March 16, 2010 Leave a comment

The latest issue of the German Law Journal contains what may be the first academic analysis of the Bundesverfassungsgericht decision in the data retention case – previously discussed here. The article, entitled ‘Pitting Karlsruhe Against Luxembourg? German Data Protection and the Contested Implementation of the EU Data Retention Directive’ by Christian DeSimone offers a historical overview of data protection in Germany and a discussion of the adoption of the Data Retention Directive and its implementation in Germany. There is also some brief discussion of the BVerfG decision. As no English translation of the decision is available to date, it is not possible to comment on the usefulness of the analysis of the BVerfG decision. However, the article contains a beautifully succinct comment on the reasons for the adoption of the EU law as a Directive rather than a Framework Decision: “The politics of legislative process trumped legal orthodoxy”. The article is available for free and the full citation is [2010] 11(3) German Law Journal 291.

EU Data Retention: Death of a Directive?

March 8, 2010 2 comments

The Data Retention Directive was adopted in the aftermath of the public transport attacks in London in July 2005. It requires telecommunications service providers to retain user traffic data for all telecommunications users for a period of six months to two years. The Directive has been highly criticised for requiring generalised data surveillance within the EU and thus infringing privacy of EU citizens.

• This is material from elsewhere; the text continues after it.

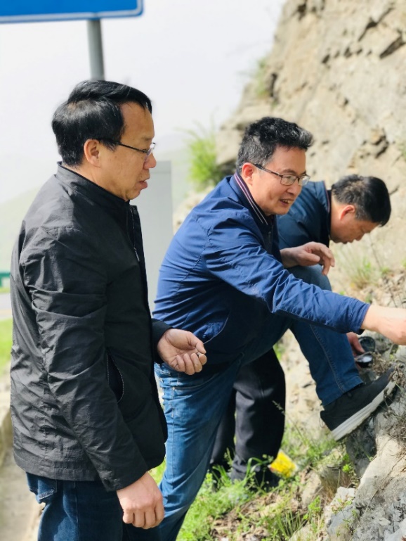 签字授牌签约仪式后,李晓目院长一行在大洪山旅业发展有限公司工作人员的陪同下,对大洪山工程地质条件进行了详细的现场勘查,为大洪山工程地质研学科普宣传牌搜集素材,同时我方在勘查中完成了代表性岩石的取样工作,为筹建WilliamHill威廉岩石标本展览中心做准备。

Since its adoption, the Directive has been challenged in several Member States. The German Administrative Court of Wiesbaden, Supreme Administrative Court of Bulgaria and Romanian Constitutional Court had all found some or all of the measure to be unlawful. Furthermore, Sweden has been on the receiving end of an enforcement action by the Commission for its failure to implement the measure. The Swedish Government continues to equivocate as the matter is likely to be contentious in the upcoming General Election there. However, as widely reported (Irish TimesFinancial Times), the German Federal Constitutional Court has now dealt what may be the death blow to the measure.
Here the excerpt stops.